Stored data entries:

• • • • •

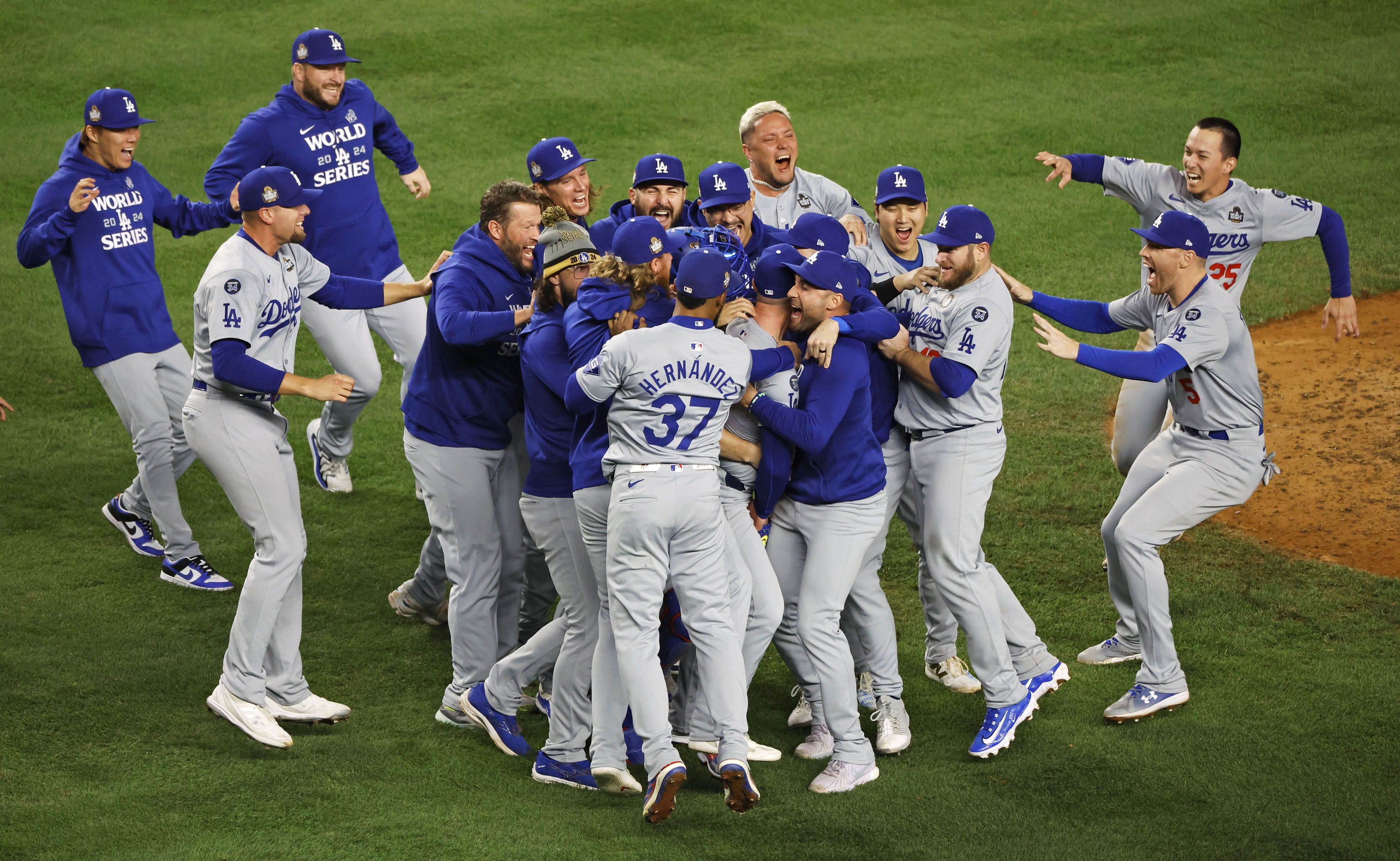Los Angeles Dodgers players celebrate after clinching the MLB World Series with a 7-6 win over the New York Yankees in Game 5 on Oct. 30, 2024, at Yankee Stadium in New York. (Kyodo/Kotaro Ohashi)
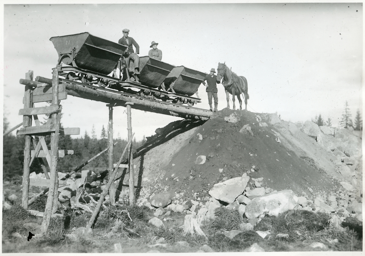 Titel: Bankfyllnad 10/200 längs linjen. Hästar användes vid bygget.
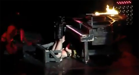 Лејди Гага е позната по своите динамични и бесни изведби на сцена. Но, вчера качувањето врз запалениот клавир не ѝ појде од рака, па Гага се најде на подот со нозете кренати во воздух.
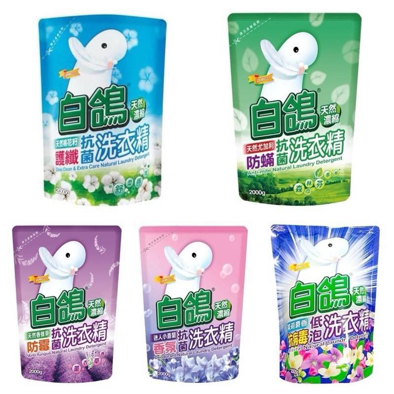 白鴿洗衣精補充包 天然濃縮洗衣精2000g 護纖 防螨 防霉 香氛 抗病毒洗衣精補充包
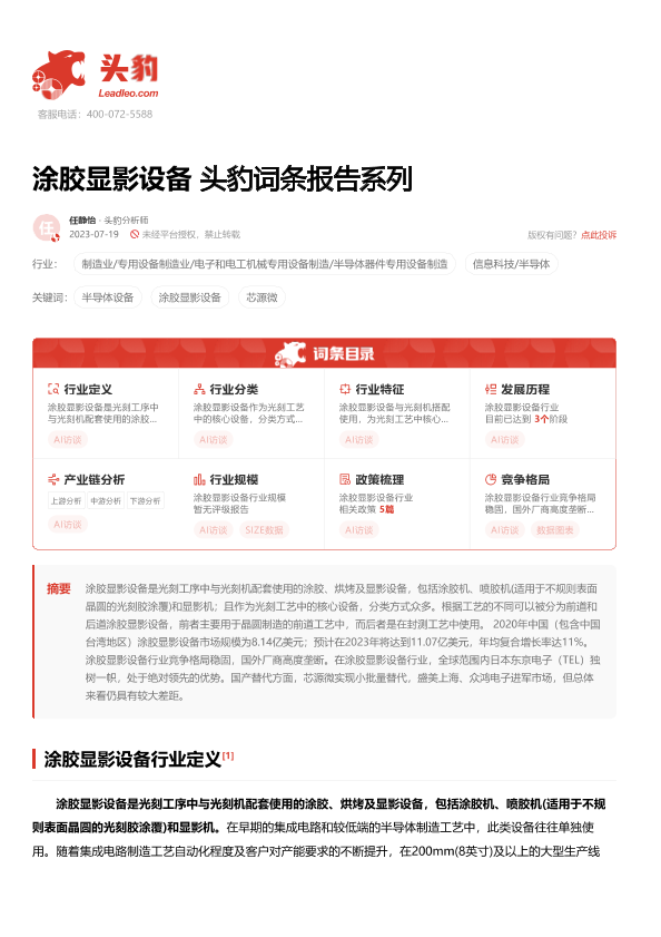 【头豹研究院】【2023】涂胶显影设备 头豹词条报告系列-17页
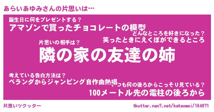 | 肩書あだ名 | 『あらいあゆみ御曹司』 |
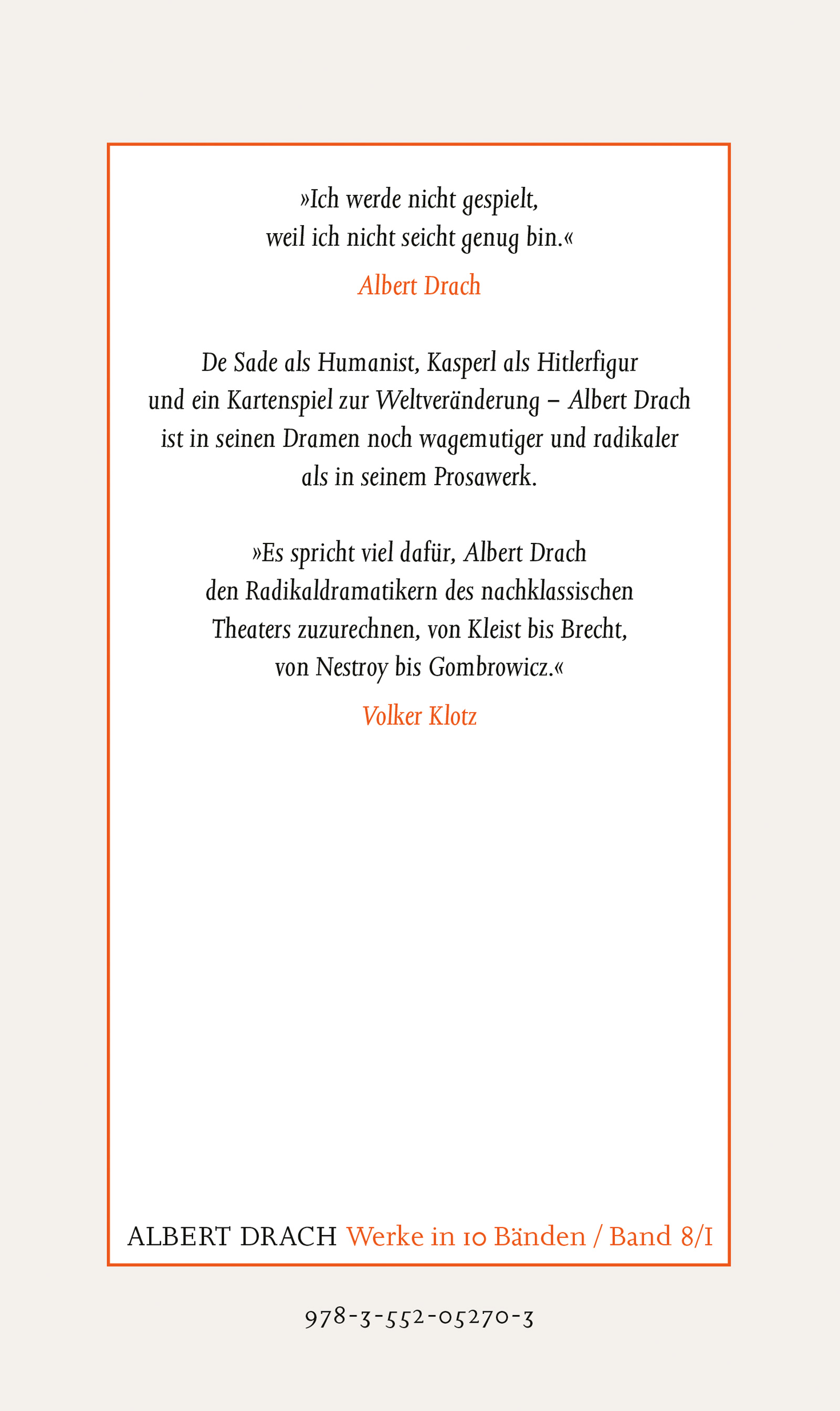 "Es spricht viel dafür, Albert Drach den Radikaldramatikern des nachklassischen Theaters zuzurechnen, von Kleist bis Brecht, von Nestroy bis Gombrowicz." Volker Klotz

• • • • •

PROBLEM DESCRIPTION: Write out, word for word, only the lines from the one containing "Лејди Гага е" to the end of the data above; the pictures stay out.

THE ANSWER:
 Лејди Гага е позната по своите динамични и бесни изведби на сцена. Но, вчера качувањето врз запалениот клавир не ѝ појде од рака, па Гага се најде на подот со нозете кренати во воздух.
 白鴿洗衣精補充包 天然濃縮洗衣精2000g 護纖 防螨 防霉 香氛 抗病毒洗衣精補充包
 【头豹研究院】【2023】涂胶显影设备 头豹词条报告系列-17页
 | 肩書あだ名 | 『あらいあゆみ御曹司』 |
 "Es spricht viel dafür, Albert Drach den Radikaldramatikern des nachklassischen Theaters zuzurechnen, von Kleist bis Brecht, von Nestroy bis Gombrowicz." Volker Klotz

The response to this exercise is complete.